De wooncrisis is alleen op te lossen als de geluksvogels een beetje inschikken

2 dagen geleden 3

Waarom zit Nederland in een wooncrisis? Door de hypotheekrenteaftrek? Door het overlaten van onze huisvesting aan de markt? Of juist door het beknotten van de markt? De verkiezingscampagne is nog maar net begonnen, maar nu al dreigt een van de meest gecompliceerde problemen van Nederland teruggebracht te worden naar simpele oplossingen en oorzaken. Linkse partijen zien het probleem bij te veel markt en de hypotheekrenteaftrek. Rechtse partijen bij te weinig markt en absoluut niet bij de renteaftrek.

Terwijl dé oplossing niet bestaat. Om de wooncrisis te verzachten zijn veel ingrepen nodig, benadrukken economen en adviesorganen, óók impopulaire. Want Nederlandse regeringen hebben door goedbedoelde hulp voor huurders en huizenbezitters een gemankeerd bouwwerk in elkaar geknutseld – een voor nieuwe woningzoekers onneembare vesting die ontwikkelaars te weinig aanspoort. En die tot grote verschillen leidt.

De kern van het probleem is gek genoeg dat het gros van Nederland helemaal geen last heeft van een wooncrisis. Die wonen prima en in de regel redelijk betaalbaar. Omdat ze al een koophuis hebben (59 procent van alle woningen) of een sociale huurwoning (31 procent van de woningen). Beide groepen krijgen veel subsidie, Europees vergeleken. Nederland heeft veel sociale huurwoningen: het gemiddelde in de EU is maar 8 procent. Daarnaast geeft Nederland uitzonderlijk veel belastingvoordeel aan kopers van huizen, constateert de OESO. Bij beide groepen dalen sinds 2018 de gemiddelde woonlasten ten opzichte van het inkomen.

Maar wie daarbuiten valt, komt er steeds moeilijker tussen. Er zijn lange wachtlijsten voor sociale huur. Er is een tekort aan woningen. En dat drijft de huizenprijzen en de huren in de vrije sector op. Waardoor het nog moeilijker wordt om te huren of voor het eerst een huis te kopen.

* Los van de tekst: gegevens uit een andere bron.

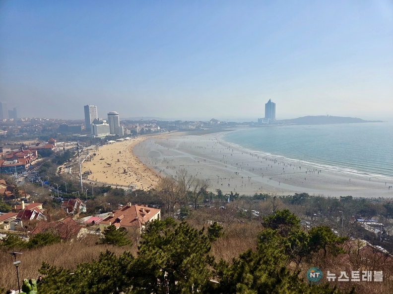 [뉴스트래블=박성은 기자] 붉은 지붕의 물결 너머로 푸른 바다가 펼쳐진다. 언덕 위에 서자 도시와 해안이 한눈에 펼쳐진다. 사진은 중국 산둥성 칭다오의 대표 전망대인 소어산에서 내려다본 풍경이다. 춘절 연휴를 맞은 도시가 맑은 햇살 아래 고요하게 숨을 고르고 있다.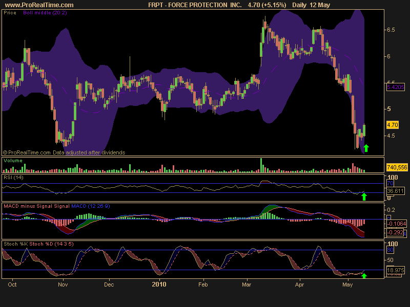 One stock to watch tomorrow is FRPT. The technical chart is showing a double bottom. Look for a run higher from here. Trading at a PE of around 13 looks like a good bet at these levels. In addition K line has just crossed on top over D line showing strong buy signal as ROC is at oversold level. According to the recent balance sheet the company still has enough cash so this should be a relatively save risk.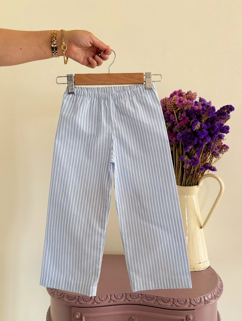 Pijama de rayas azules y blancas, compuesto por blusa y pantalón. Composición: 100 % algodón.
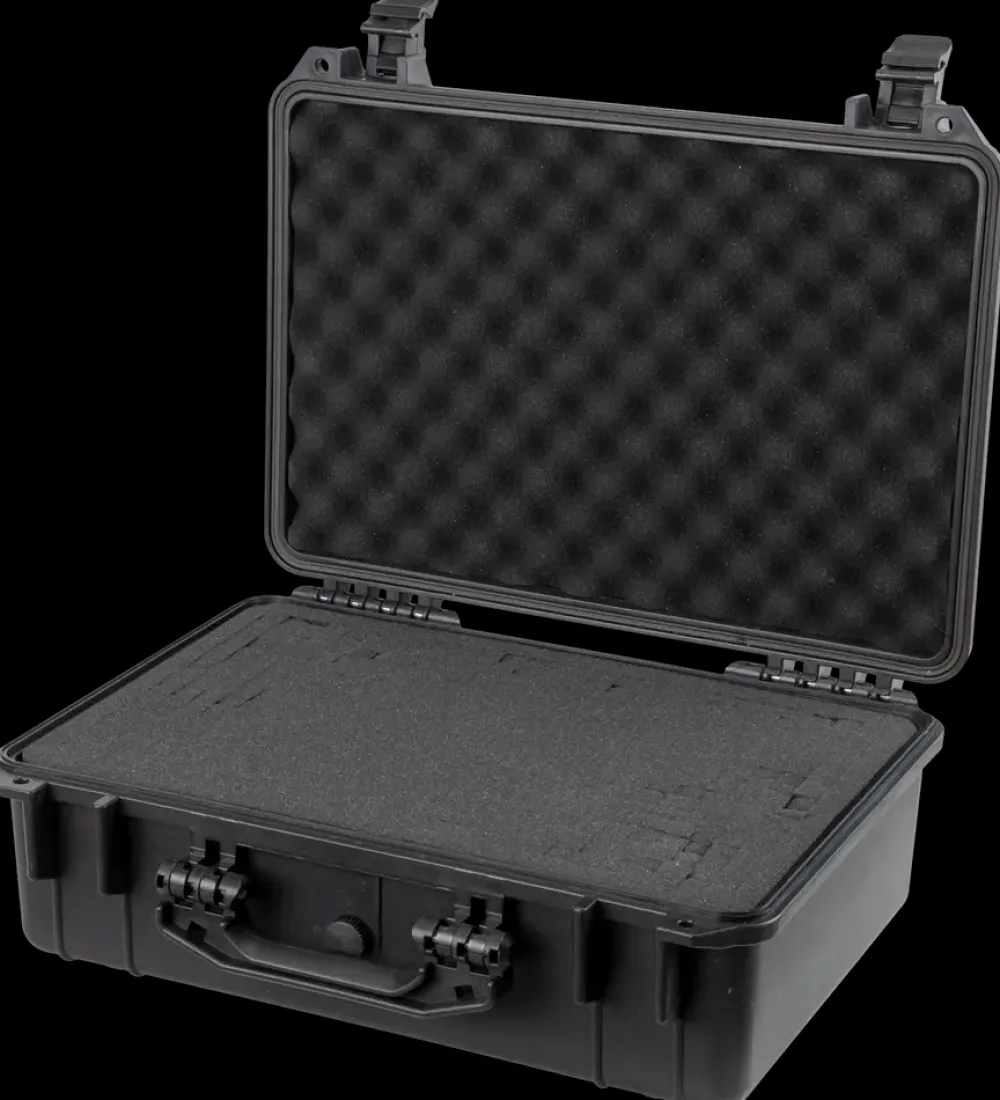 Vandtæt, støvtæt og stødsikker kuffert fra Mitsutomo.Kufferten leveres med skumindsats, der kan formes efter det ønskede indhold samt trykudligningsventil.Den vandtætte kuffert kan låses med 2 hængelåse (ekskl.) og er velegnet til mange formål, f.eks. til opbevaring og transport af fotoudstyr, værktøj og elektronik.Indvendige mål: H. 15,5 x B. 28,8 x D. 43 cm.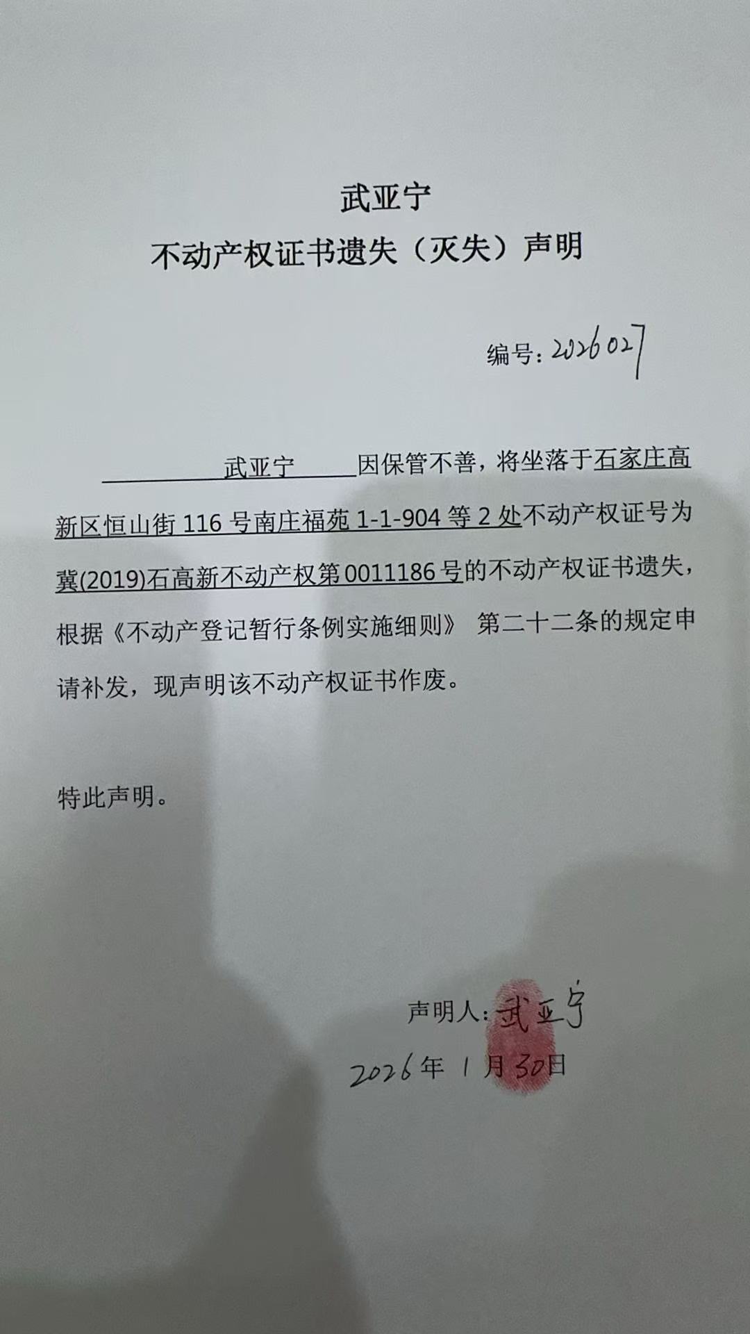 武亚宁不动产权证书遗失(灭失)声明(编号:2026027)

De dupe zijn jonge mensen die hun eerste huis zoeken, mensen die plots moeten huren (door bijvoorbeeld een scheiding) en mensen die te weinig verdienen voor een koophuis en te veel voor sociale huur. Die zijn aangewezen op de vrije huursector – maar 10 procent van alle woningen, Europees bezien weinig. Terwijl juist die huurmarkt als een vluchtheuvel en een ventiel kan dienen voor een overspannen woningmarkt.

Insider-outsider-probleem

Dit is wat economen een insider-outsider-probleem noemen. Wie een huis heeft, zit goed en door de schaarste steeds beter. Voor de buitenstaanders wordt een huis vinden steeds moeilijker en is wonen veel duurder.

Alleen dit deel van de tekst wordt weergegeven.